▸ What is required: Keep every word the same. Repeat the records without their images.

*** Records for the task ***

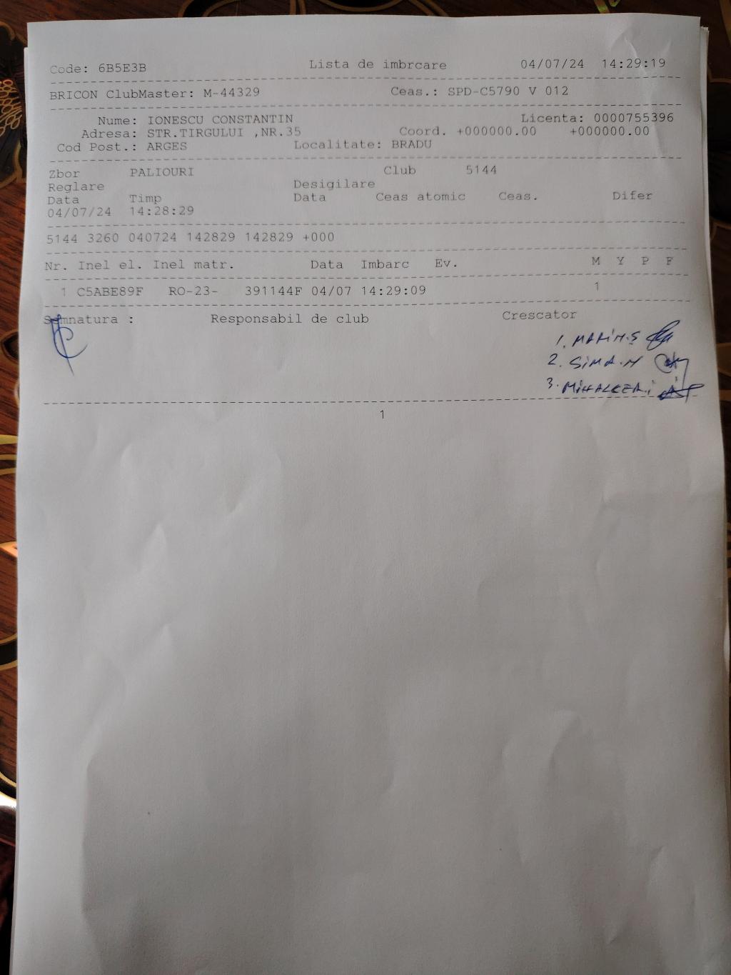 | 4 | Barbu Marius | AG1178 | TOP | Bradu |
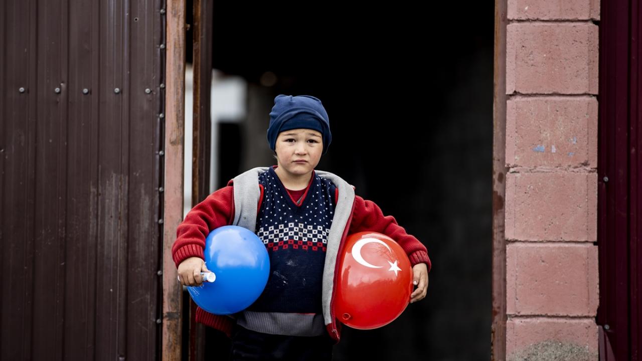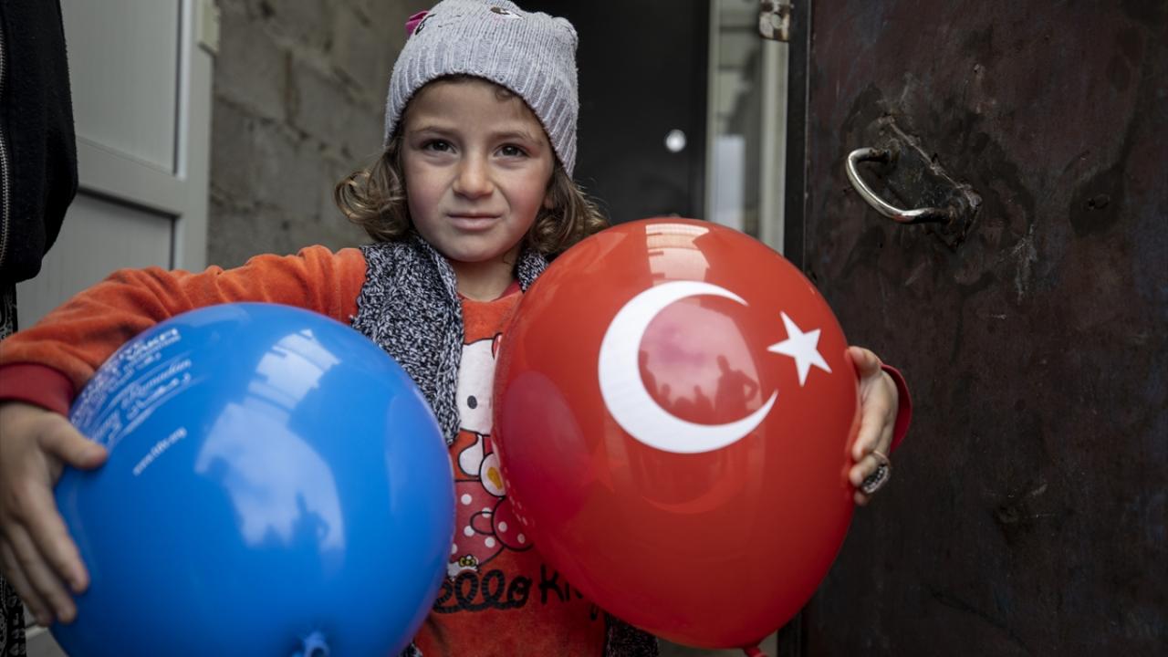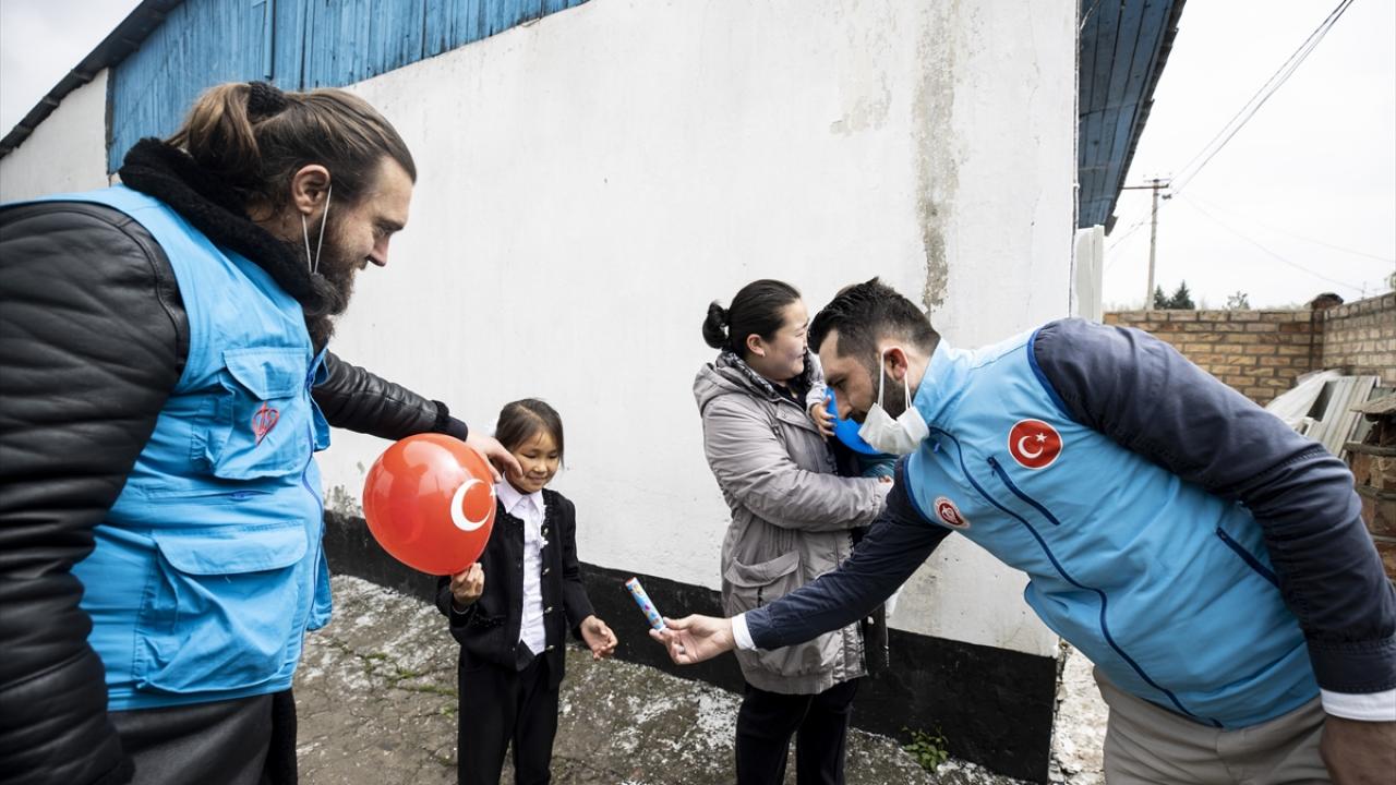 Yardımın yanı sıra çocuklara Türk bayraklı ve TDK logolu balonlar da dağıtan dizi oyuncusu Özen, Türk gençleri tarafından yoğun ilgi gördü.
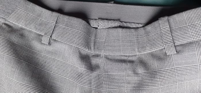 Vends un pantalon 66 % polyester, 32 % coton, 2 % élasthanne, 2 poches latérales, 2 fausses poches derrière, ceinture élastique devant et derrière, fausse braguette, motif prince de galles blanc et noir, marque Uniqlo, taille S. Longueur entrejambe : 66 cm.
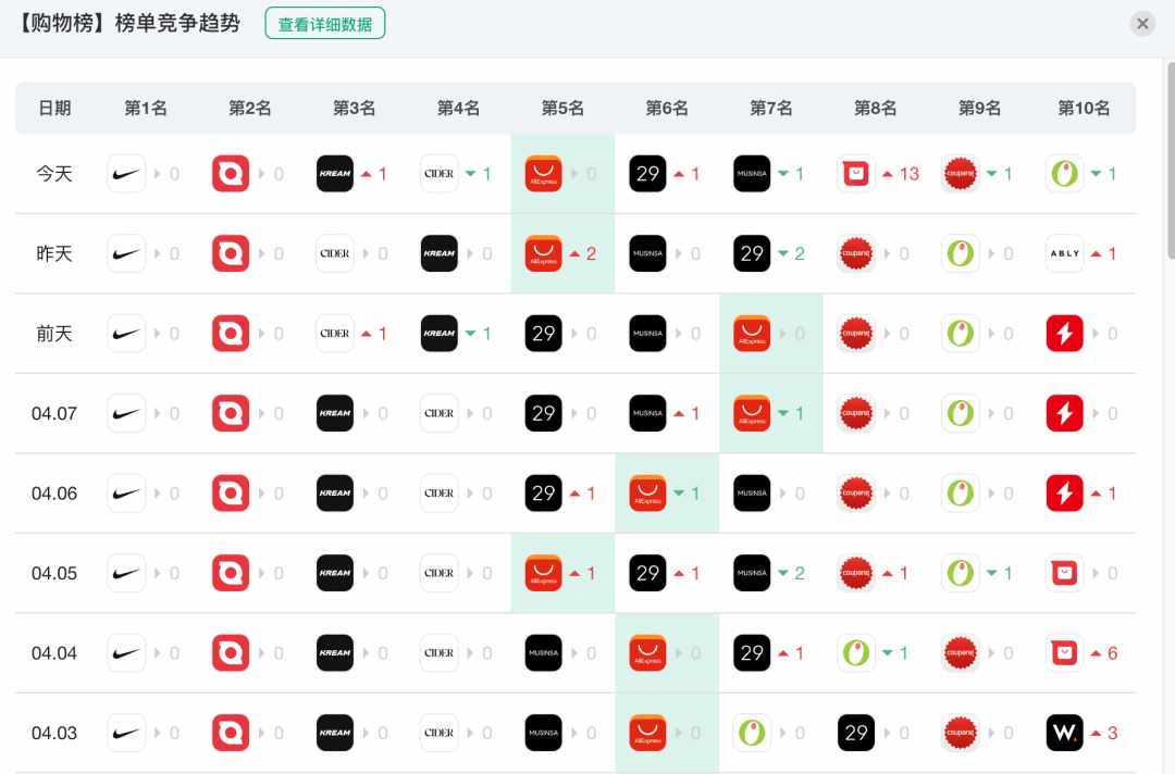 3、流量方面,目前速卖通全托管店铺的权重更高,排名会比较靠前,相信了解速卖通的卖家会发现,很多关键词下,排名靠前的都是全托管店铺,其实这也是一种趋势,既然平台在全力推这种模式,说明平台更愿意给这种商家流量。另外一个方面就是,速卖通在韩国的投入持续增长,包括基础物流以及营销投放层面,尤其是在用户覆盖这个方面,速卖通应用近几个月都是购物榜的TOP10,如下图所示,速卖通排名位置始终处于5-7名。
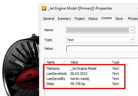 Given the specific settings for the assembly file depicted in the images above, four iProperties were automatically added to the document: Filename, LastSaveDate, LastSavedBy, and Mass.
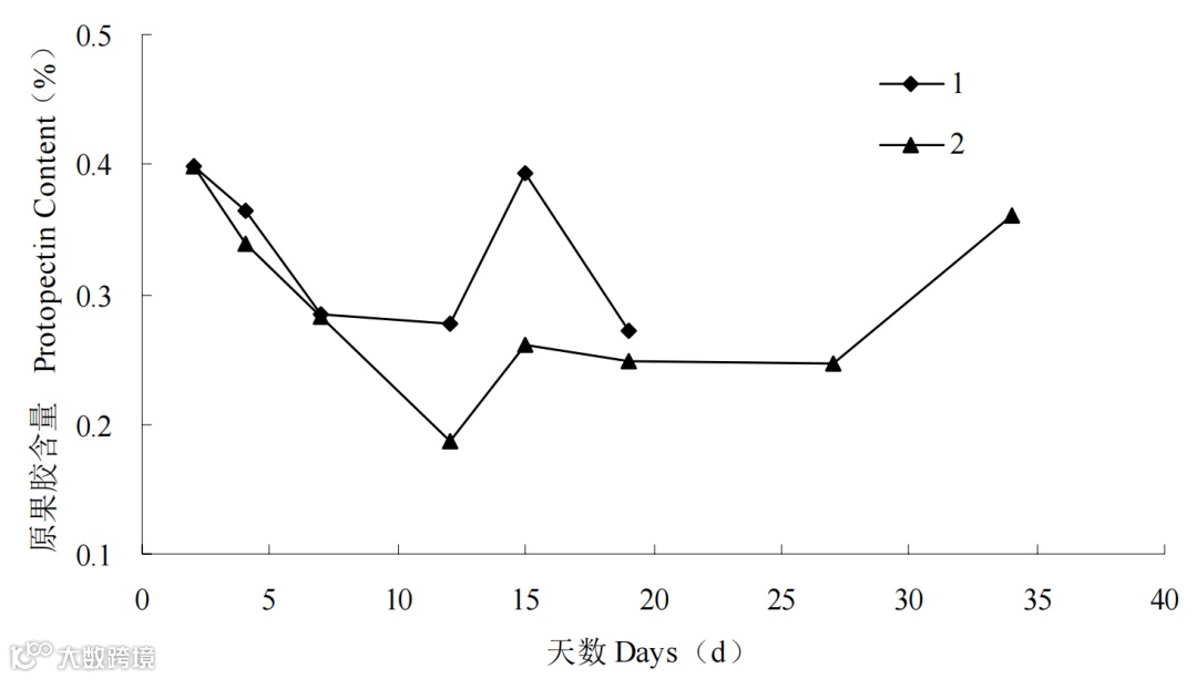 图 11 不同温度下莲雾果实原果胶含量变化(1:常温 (25℃) 2:低温 (5℃))

*** End of Records for the task ***

▸ Exercise result:
 | 4 | Barbu Marius | AG1178 | TOP | Bradu |
 Yardımın yanı sıra çocuklara Türk bayraklı ve TDK logolu balonlar da dağıtan dizi oyuncusu Özen, Türk gençleri tarafından yoğun ilgi gördü.
 Vends un pantalon 66 % polyester, 32 % coton, 2 % élasthanne, 2 poches latérales, 2 fausses poches derrière, ceinture élastique devant et derrière, fausse braguette, motif prince de galles blanc et noir, marque Uniqlo, taille S. Longueur entrejambe : 66 cm.
 3、流量方面,目前速卖通全托管店铺的权重更高,排名会比较靠前,相信了解速卖通的卖家会发现,很多关键词下,排名靠前的都是全托管店铺,其实这也是一种趋势,既然平台在全力推这种模式,说明平台更愿意给这种商家流量。另外一个方面就是,速卖通在韩国的投入持续增长,包括基础物流以及营销投放层面,尤其是在用户覆盖这个方面,速卖通应用近几个月都是购物榜的TOP10,如下图所示,速卖通排名位置始终处于5-7名。
 Given the specific settings for the assembly file depicted in the images above, four iProperties were automatically added to the document: Filename, LastSaveDate, LastSavedBy, and Mass.
 图 11 不同温度下莲雾果实原果胶含量变化(1:常温 (25℃) 2:低温 (5℃))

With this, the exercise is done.